The Chinook record store has just signed a deal with a new record label, and you've been tasked with selecting the first three albums that will be added to the store, from a list of four. All four albums are by artists that don't have any tracks in the store right now - we have the artist names, and the genre of music they produce:

|Artist Name|          Genre|
|-----------|---------------|
|Regal	    |    Hip-Hop    |
|Red Tone	|     Punk      | 
|Meteor and the Girls| Pop  |
|Slim Jim Bites|	Blues   |

The record label specializes in artists from the USA, and they have given Chinook some money to advertise the new albums in the USA, so we're interested in finding out which genres sell the best in the USA.

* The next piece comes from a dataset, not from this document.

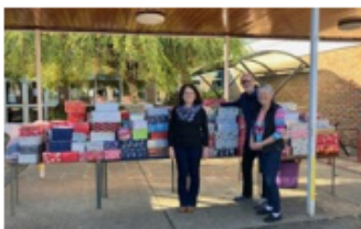
Children in Distress - Shoebox Appeal 2023 – the school community collected 202 shoe boxes and a bag full of beautiful hand-knitted hats!

Additionally, a wide range of enrichment programmes and charity initiatives have inspired our children and fostered a strong sense of community and social responsibility.

You'll need to write a query to find out which genres sell the most tracks in the USA, write up a summary of your findings, and make a recommendation for the three artists whose albums we should purchase for the store.

In [5]:
q1 = '''
SELECT 
	g.name AS genre,
	COUNT(*) AS tracks_sold,
	-- multiply by 1.0 to force FLOAT division by converting COUNT(*) to a FLOAT type
	ROUND( COUNT(*) * 100.0/ SUM(COUNT(*)) OVER (), 2) || " %" AS share_of_US_tracks
FROM customer AS c
JOIN invoice AS i USING(customer_id)
JOIN invoice_line AS il USING(invoice_id)
JOIN track AS t USING(track_id)
JOIN genre AS g USING(genre_id)
WHERE lower(i.billing_country) = "usa"
GROUP BY g.name
HAVING g.name IN ('Hip Hop/Rap', 'Alternative & Punk', 'Pop', 'Blues')
ORDER BY COUNT(*) DESC;
'''

run_query(q1)


Unnamed: 0,genre,tracks_sold,share_of_US_tracks
0,Alternative & Punk,130,62.5 %
1,Blues,36,17.31 %
2,Pop,22,10.58 %
3,Hip Hop/Rap,20,9.62 %


#### 📊 Findings and Recommendation

This initial analysis reveals that **Alternative & Punk**, **Blues**, and **Pop** are the top-performing genres among the four candidates, based on the number of tracks purchased by U.S. customers.

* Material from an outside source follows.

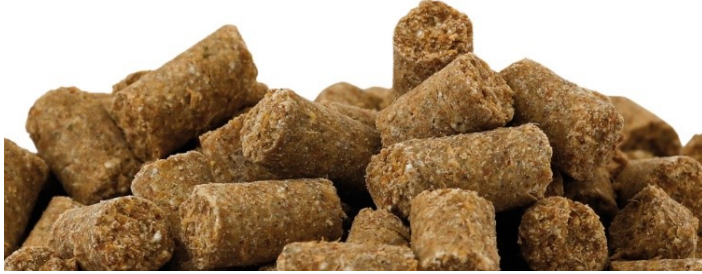
SAFE® E8404 Version 8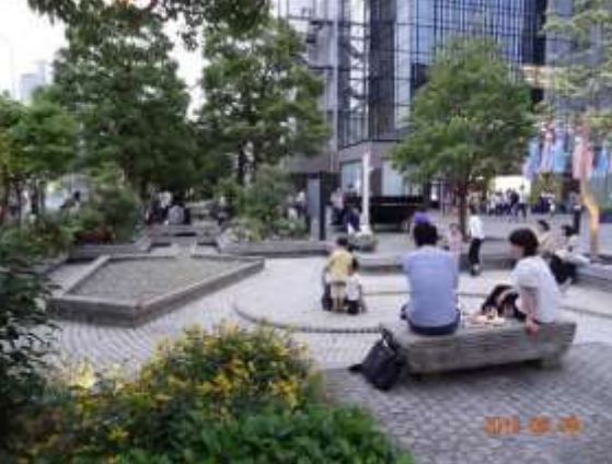
Fig. 10:- Spontaneous activity space is put forward from spontaneous activities and means generated activities when people want to participate, and when the time and place is possible. Such activities include walking, playing with dog and a breath of fresh air, morning exercises and watching interesting things and so on.

By filtering the results to only the genres associated with the new artists under consideration, we find that:
- Alternative & Punk accounts for 62.5% of relevant track sales
- Blues follows with 17.31%
- Pop holds 10.58% of the share

Although Rock and Metal have higher overall sales in the full dataset, they are not associated with the candidate artists.

Given the U.S-focused marketing strategy and available data, the recommended artists to prioritize are:
1. Red Tone (Alternative & Punk)
2. Slim Jim Bites (Blues)
3. Meteor and the Girls (Pop)

This selection is based on historical U.S. customer preferences and should align well with the store’s strategic goals.

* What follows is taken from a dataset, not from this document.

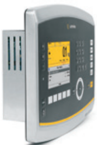
The Maxxis 5, displaying slimline design for panel mounting

With the Maxxis 5, connecting to all other systems has never been easier. All inputs are clearly labeled and easily accessible via the rear of the controller. Simply plug in and define to see immediately all of the benefits a Maxxis 5 controlled system can offer you.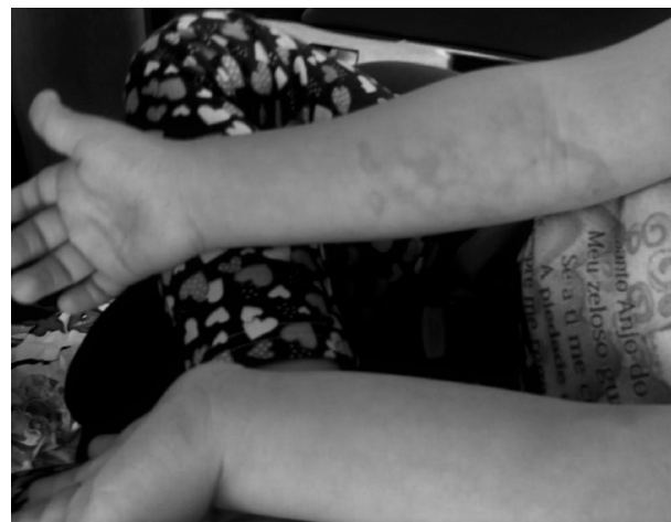
Figure 4 Absence of lesions in the left forearm.

remained unchanged in the first 4 h and, due to the good general condition of the patient, she was discharged at that time. The return to the hospital was requested 12 h later. There was a fading of the most prominent lesions on the ventromedial aspect of the right forearm (Fig. 2), with the appearance of reticular lesions on the same topography and on the dorsal aspect of the right forearm, which reached the back of the right hand (Fig. 3). The patient maintained good general condition and no pain complaints. Once again, the absence of lesions in other topographies was confirmed (Fig. 4). The diagnosis of RL was then established, and explained to the parents that the cutaneous manifesta-

#### 2. How much revenue has each sales support agent generated, and what customer or regional factors might explain their performance?

Each customer for the Chinook store gets assigned to a sales support agent within the company when they first make a purchase. You have been asked to analyze the purchases of customers belonging to each employee to see if any sales support agent is performing either better or worse than the others.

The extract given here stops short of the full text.